Student Seminar – Spring 2023

Schedule for Spring 2023

Attention: The Student Seminar will be in hybrid mode this semester. Most talks and events will be held in person, and people can also join via zoom. In-person participation is only available to Columbia affiliates with building access.

Seminars are on Wednesdays 
Time: 12:00 – 1:00pm

Location: Room 903, 1255 Amsterdam Avenue

Zoom Link: columbiauniversity.zoom.us/j/99159893951?pwd=VlNIUXFIR3ZDMzJuakZUWW0zM2pOdz09
Meeting ID: 991 5989 3951
Passcode: 284676

Contacts: Jaesung Son, Luhuan Wu

Information for speakers: For information about schedule, direction, equipment, reimbursement and hotel, please click here.

 
1/25/23

Prof. David Banks (Duke) 

Title:  Snakes and Ladders:  Strategies for Professional Success

Abstract:  Everyone wants to climb the ladder, but we all encounter obstacles.  The tutorial provides a number of tips for presenting yourself and your work in ways that favor your interests.  It also describes some useful habits and strategies to grow one’s career. Not all comments are applicable to all people, but as Eisenhower said, “It isn’t the plan—it’s the planning.”

 

2/1/23

Two Sigma <> Columbia PhD Recruiting event: “Papers We Love + Q&A Session”.
Details:
The goal of the event is to share our quant researchers’ favorite papers and interests. We will provide an overview of the research papers/topics and further discuss the details and share potential applications together. I’ll share the article a week prior to the event so that folks can read it and be ready to discuss. Afterwards, we can have Q&A.
2/8/23
Dr. Brian Trippe (Columbia)
 

Title: Probabilistic protein design with diffusion generative models

Abstract: Computational design of novel proteins with structures not found in nature has applications across biomedicine and material design. Probabilistic machine learning methods that leverage datasets of naturally occurring protein structures have shown considerable promise in this endeavor. In the first part of the talk I will describe some of the statistical and computational challenges in this application area, and how a class of generative machine learning methods, known as diffusion probabilistic models, provide a useful platform for addressing these challenges. In the second part of the talk, I will describe recent results that enable combining protein structure prediction neural networks with diffusion models to designing new proteins with desired functional characteristics.

2/15/23
Prof. Yuqi Gu (Columbia)
 

Title: Sharing Academic Journey and Research Experience: Exploring the Unknown and Uncovering the Unobserved

Abstract: In this experience-sharing-format talk suggested by the student seminar organizers, I will spend the first half talking about my own academic journey and personal take about finding career goals, developing research interests, building up research skills, etc. I will touch upon my reason for choosing academia – the joy of thinking freely and deeply to explore the unknown. I will provide a few personal suggestions for graduate students interested in pursuing academic careers.

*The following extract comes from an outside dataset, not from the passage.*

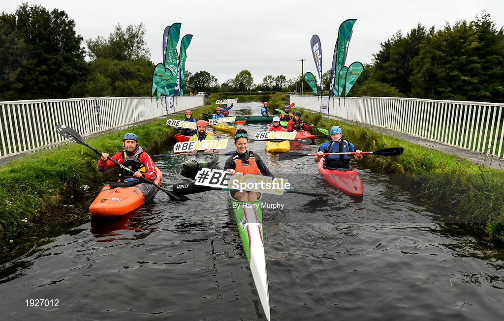 15 September 2020; Irish sprint canoeist Jenny Egan, centre, pictured with Paul Ashmore, Lee Harding and Eoghan O'Huallachain of Monasterevin Blueway Kayak Club, Special Olympics Canoeing Medallist Oisin Feery, Bridge the Gap and Women in Sport Ambassador Jessica Flinter, Kildare Sports Hub Coordinator Debora Foley, Mark Hoare of UCD Kayak Club, Canoeing Ireland Training Centre Instructor Graham Connor, Lynda Byron Board of Canoeing Ireland and Canoeing Ireland CEO Moira Aston at the launch of the #BeActive Paddle day at Monasterevin on the Grand Canal in Kildare. For the European Week of Sport (23rd-30th September), Canoeing Ireland, in partnership with Sport Ireland, wants to get people out and active on the water. The #BeActive Paddle Day takes place on Saturday, 26th September, with over 30 Canoeing Ireland affiliated clubs and Outdoor Education Centres across the country hosting beginner sessions for the public in their area to come and try paddlesports. Further event details and a map of nationwide locations are available on the Canoeing Ireland website at canoe.ie. Photo by Harry Murphy/Sportsfile

In the second half, I will talk about my research experience and interests in uncovering the unobserved – with the keyword of “latent structures”. I will briefly sketch three project directions I am currently working on. The first is using latent variable modeling in deep generative modeling and representation learning. Here I have been working to understand the identifiability and other properties of deep nonlinear models, and I am interested in developing more interpretable new models and even discovering potential causal explanations. The second direction is high-dimensional statistics when latent structure exists. Both the high dimensionality and unobserved latent structures challenge the traditional statistical methods, and I am interested in developing high-dimensional estimation and inference approaches with theoretical guarantees; one concrete example I am working on is the spectral methods. The third direction is the methodology and applications in psychometrics. Here I have been working to develop principled statistical methods and theory to model educational and psychological data with latent traits.

2/22/23

Prof. Tian Zheng (Columbia)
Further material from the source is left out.